6 thoughts on “New Archaeological Tools”

  1. Another also not new development is lidar and they recently did lidar mapping in Washington that are proving to be helpful in unraveling the stories of the megafloods. The maps are visually stunning, very cool.

    1. At the end of the last period of glaciation, there were a bunch of floods, some of them megafloods. The scale is hard to comprehend, even when standing on a mountain overlooking where the floods came through.

      One of them, glacial lake missoula’s ice dam gave way and the flood went from Montana to the Columbia river and creating massive topographic changes along the way as the soil was removed down to the bassalt creating the channeled scablands. But there were other mega flood events as well as smaller ones.

      Harlan Bretz is credited with the discovery and it was very controversial at the time going against settled science.

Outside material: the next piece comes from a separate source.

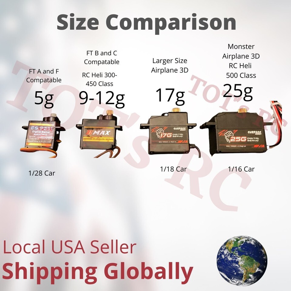 Welcome to ToT's RC, A Family Business Located in Phoenix, Arizona. Here is Our Newest offering, Surpass Hobby 9 gram all metal gear Digital Servo. A new Standard of Price and Performance. Great for RC Helicopters 300-450 scale, RC Boats, RC Planes, fixed Wing, FPV, Gliders, Robotics, Equivalent upgrade servos for Flite Test B and C pack Nylon Servos, and many other uses. The Metal gears give this servo, much more durability and strength, great for new RC Pilots and Drivers and great for the experienced Pilot who wants Higher Quality Components.

      Any number of great videos on youtube, Nick Zenter has a ton, and the ice age flood institute has a bunch of information on their site. Pop up a map of Washington and you can easily trace the floods coming from the East but also from the north.

      The new lidar maps are helping find channels and flood events that there wasn’t as much evidence for.

  2. I’m pretty sure that archaeologists have been avidly examining aerial photographs since someone took a camera up on a balloon. In fact, documenting neolithic settlement not in caves is one of the primary uses. Settlements built of organic material like wood and animal skins don’t leave much trace unless they’re protected by something like a cave. Oddly, the post holes remain and often show up from the air.

    1. Charles Lindbergh flew the Spirit of St. Louis to Central and South America on a goodwill flight back in 1927 or 28. He reported seeing ancient ruins from the air that were not easily visible from the ground. Some of them had not yet been discovered by archaeologists.